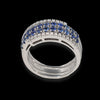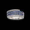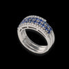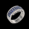 Anello in oro bianco 18 kt impreziosito da 4 fasce di pietre naturali, due di zaffiri centrali e due di diamanti alle estremità.
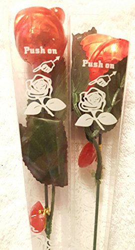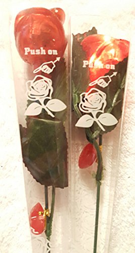 14" Flashing Red Roses with Red Heart Charm on Each Rose ~ Set of 2
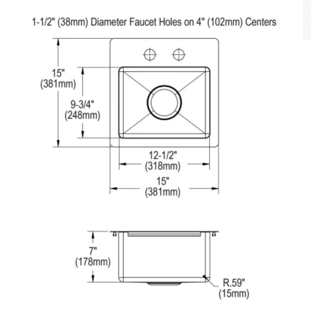 Elkay Crosstown 20 Gauge Stainless Steel 15 in. 2-Hole Dual Mount Bar Sink
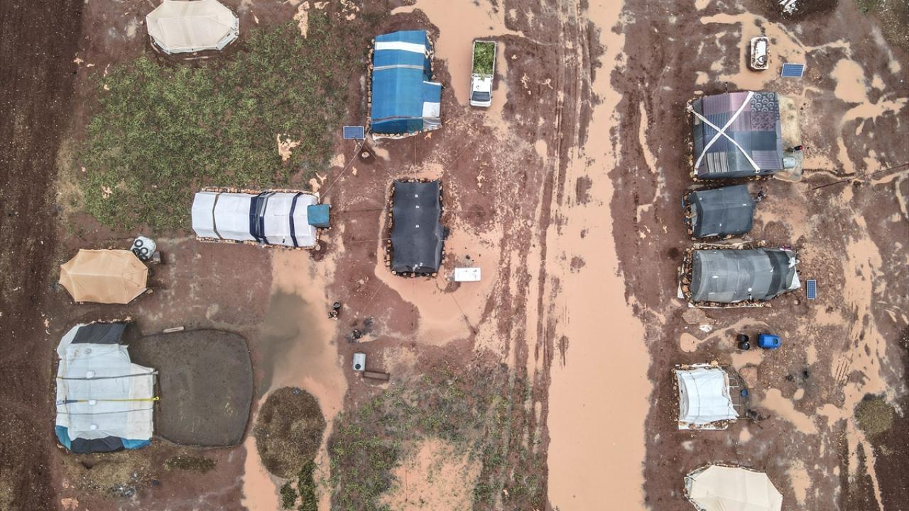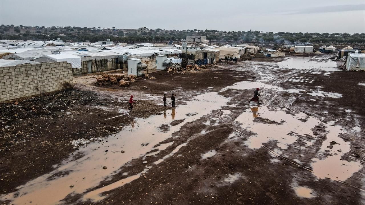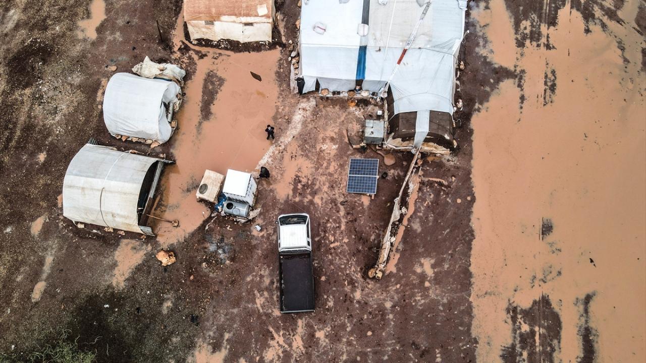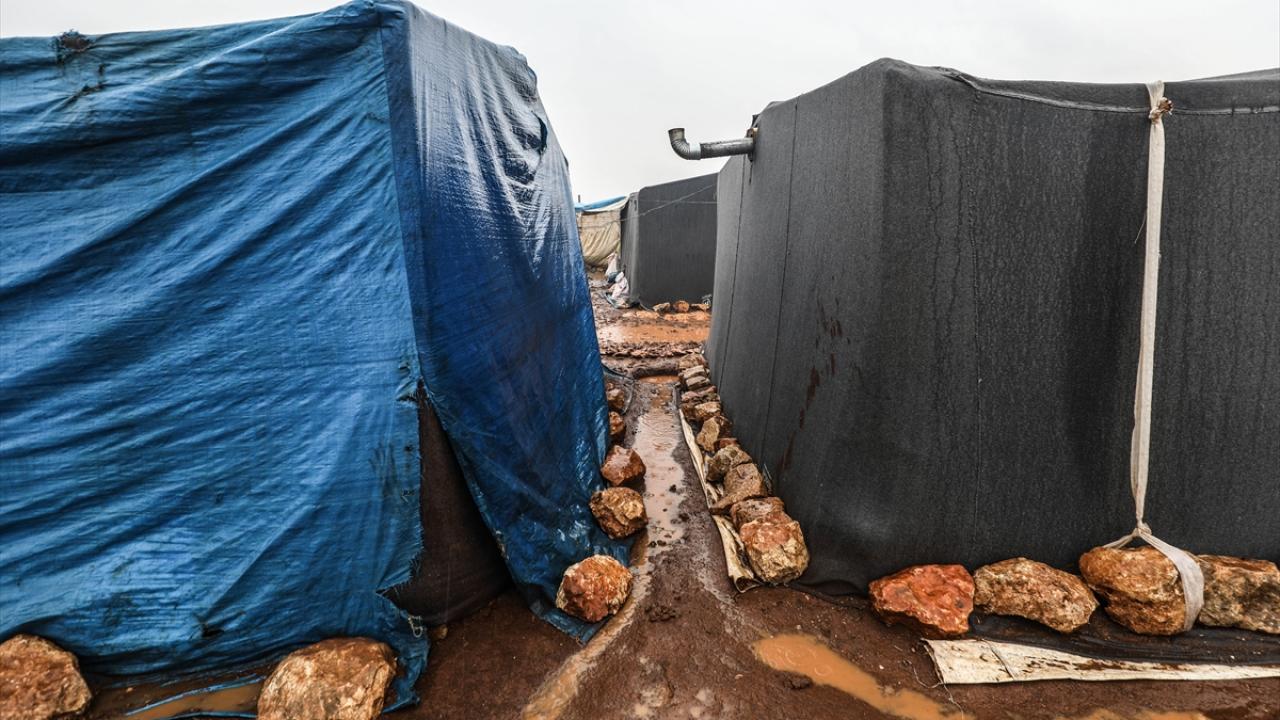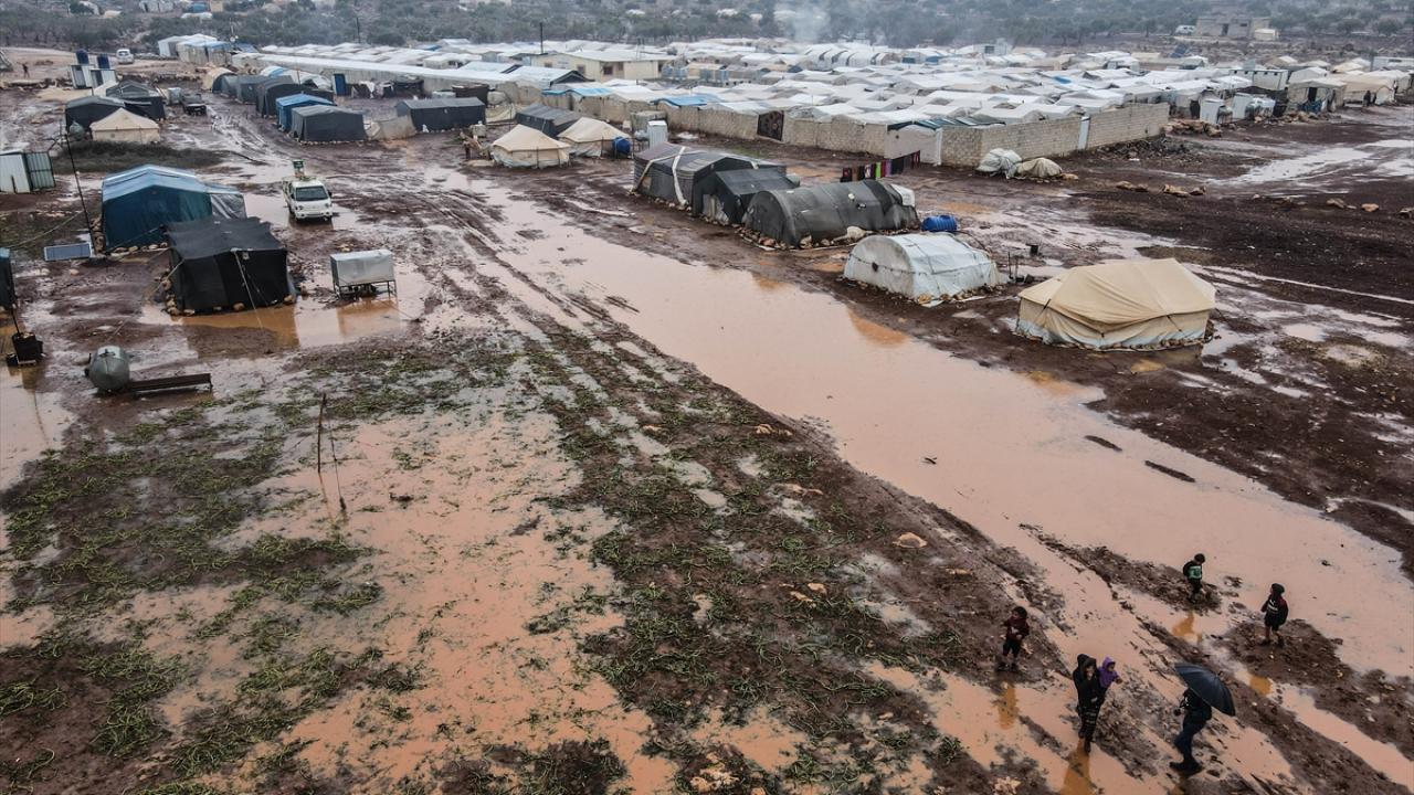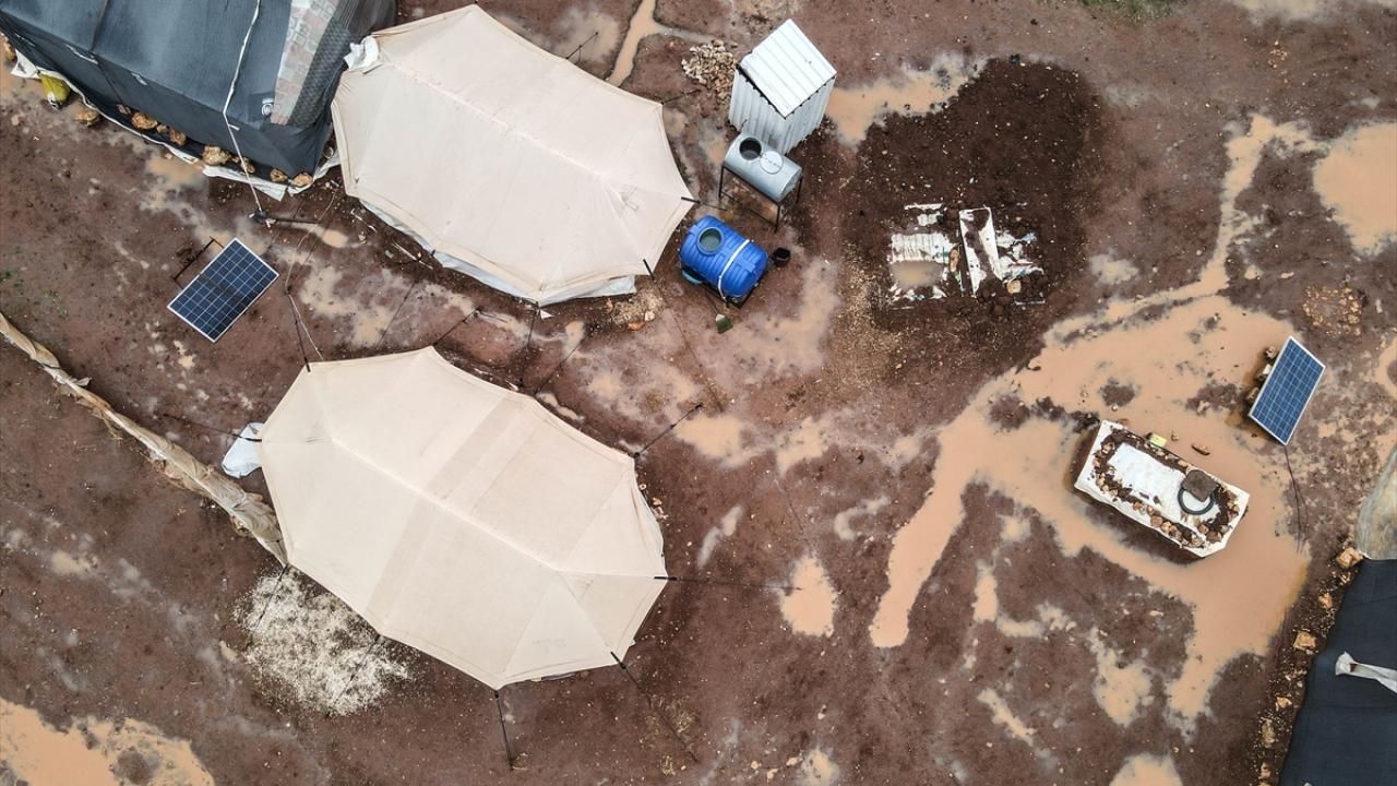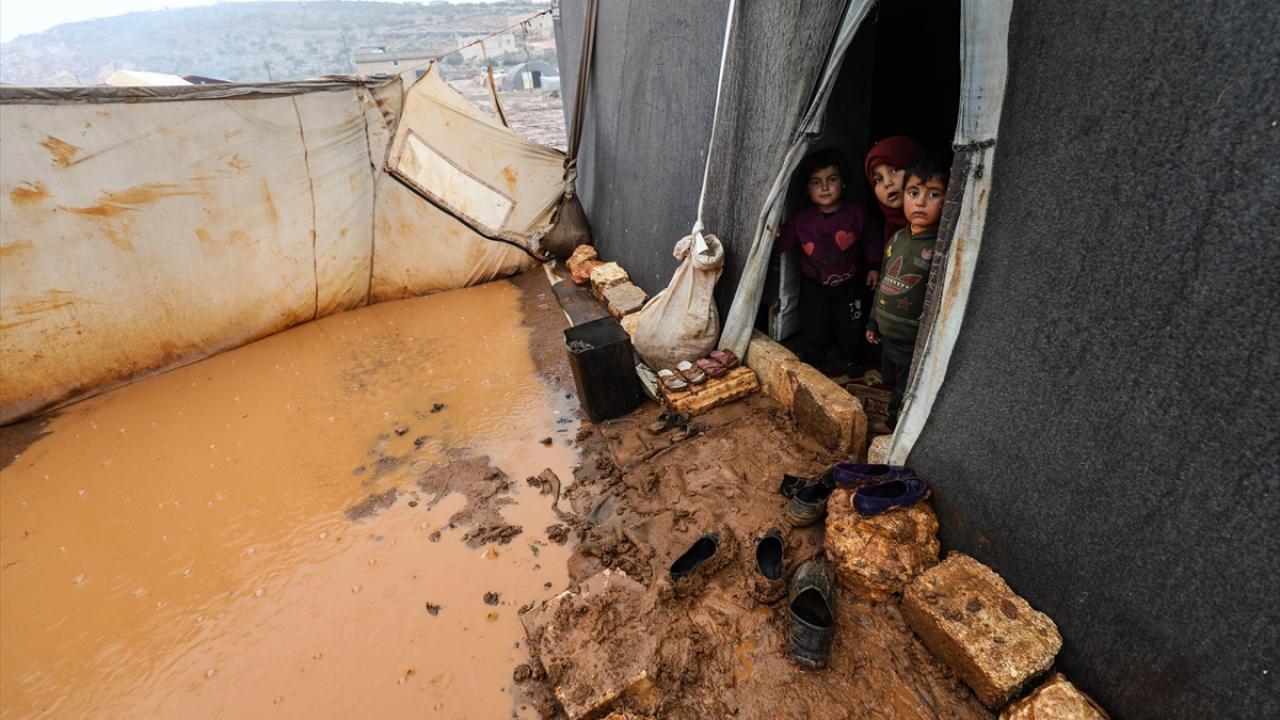 Suriye'nin kuzeybatısındaki İdlib'de etkisini gösteren şiddetli yağış, Türkiye sınırına yakın bölgelerindeki çadır kamplarında yaşayan binlerce sivilinin hayatını olumsuz etkiledi.

# WHAT IS EXPECTED
A faithful copy of the data above is wanted, with every image left out.

# EXERCISE SOLUTION
 Anello in oro bianco 18 kt impreziosito da 4 fasce di pietre naturali, due di zaffiri centrali e due di diamanti alle estremità.
 14" Flashing Red Roses with Red Heart Charm on Each Rose ~ Set of 2
 Elkay Crosstown 20 Gauge Stainless Steel 15 in. 2-Hole Dual Mount Bar Sink
 Suriye'nin kuzeybatısındaki İdlib'de etkisini gösteren şiddetli yağış, Türkiye sınırına yakın bölgelerindeki çadır kamplarında yaşayan binlerce sivilinin hayatını olumsuz etkiledi.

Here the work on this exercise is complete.